- DIRECTIONS -
Every line below must come back exactly as it stands, with the images omitted.

- DATA BLOCK -
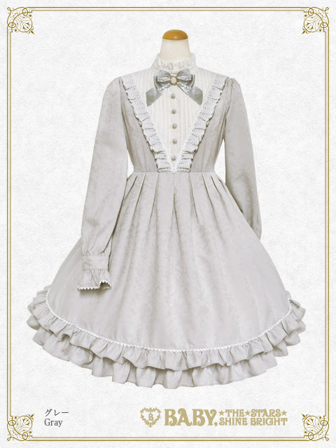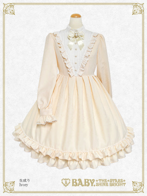 お上品な立ち衿長袖ワンピースは、胸元のくるみボタンや繊細なピンタックがクラシカルな印象です♡
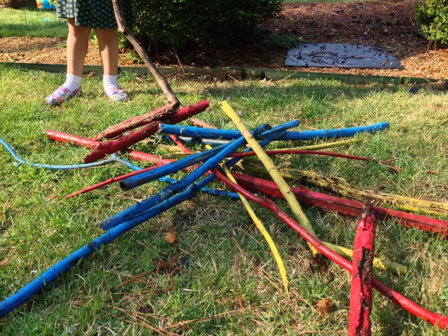 Instead of playing pick-up sticks with the chopstick-sized sticks of our youth, why not spray paint the sticks in your yard and play with those, instead? Bonus: Guess who helps you gather the sticks out of your yard? And they say they’re too young for yard work. You can thank I Heart Naptime for the great idea.
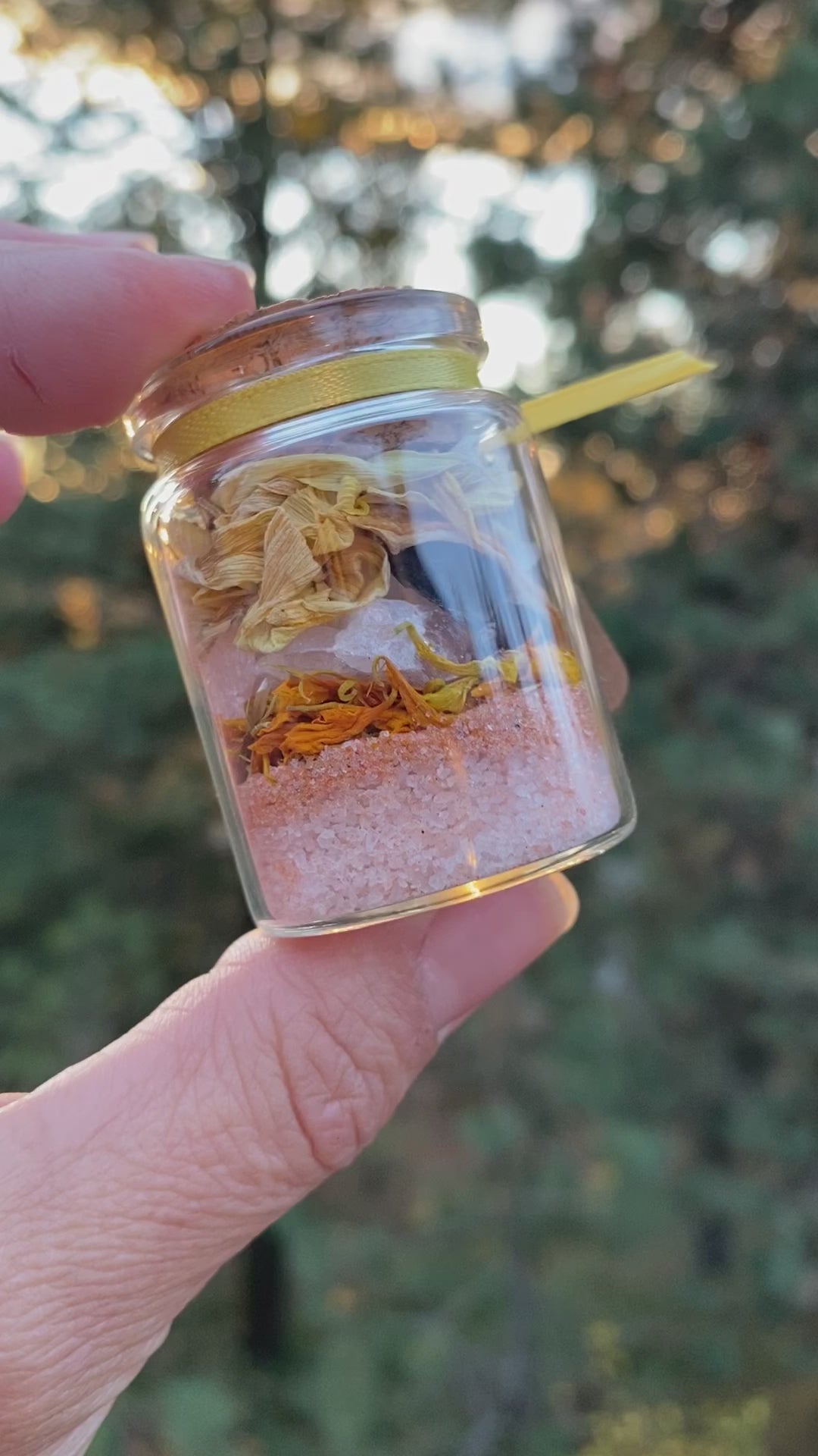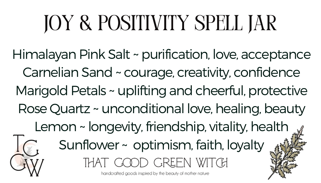 Small JOY & POSITIVITY spell jar in square glass bottle with cork closure.
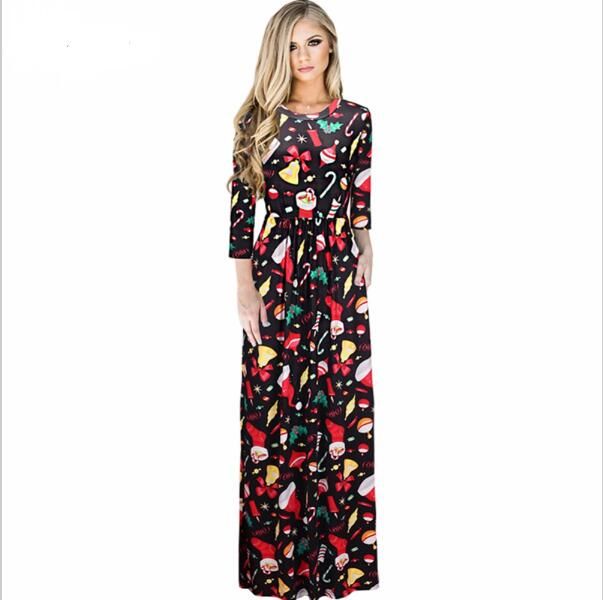 Grosshandel Sexy Frauen Weihnachten Blumendruck 3 4 Armel Boho Damen Lange Maxi Kleid Tasche Ice Silk Tunika Party Kleider Weihnachten Vestidos Dk0548bk Von Andrewknight007 9 88 Auf De Dhgate Com Dhgate

- ANSWER TO THIS TASK -
 お上品な立ち衿長袖ワンピースは、胸元のくるみボタンや繊細なピンタックがクラシカルな印象です♡
 Instead of playing pick-up sticks with the chopstick-sized sticks of our youth, why not spray paint the sticks in your yard and play with those, instead? Bonus: Guess who helps you gather the sticks out of your yard? And they say they’re too young for yard work. You can thank I Heart Naptime for the great idea.
 Small JOY & POSITIVITY spell jar in square glass bottle with cork closure.
 Grosshandel Sexy Frauen Weihnachten Blumendruck 3 4 Armel Boho Damen Lange Maxi Kleid Tasche Ice Silk Tunika Party Kleider Weihnachten Vestidos Dk0548bk Von Andrewknight007 9 88 Auf De Dhgate Com Dhgate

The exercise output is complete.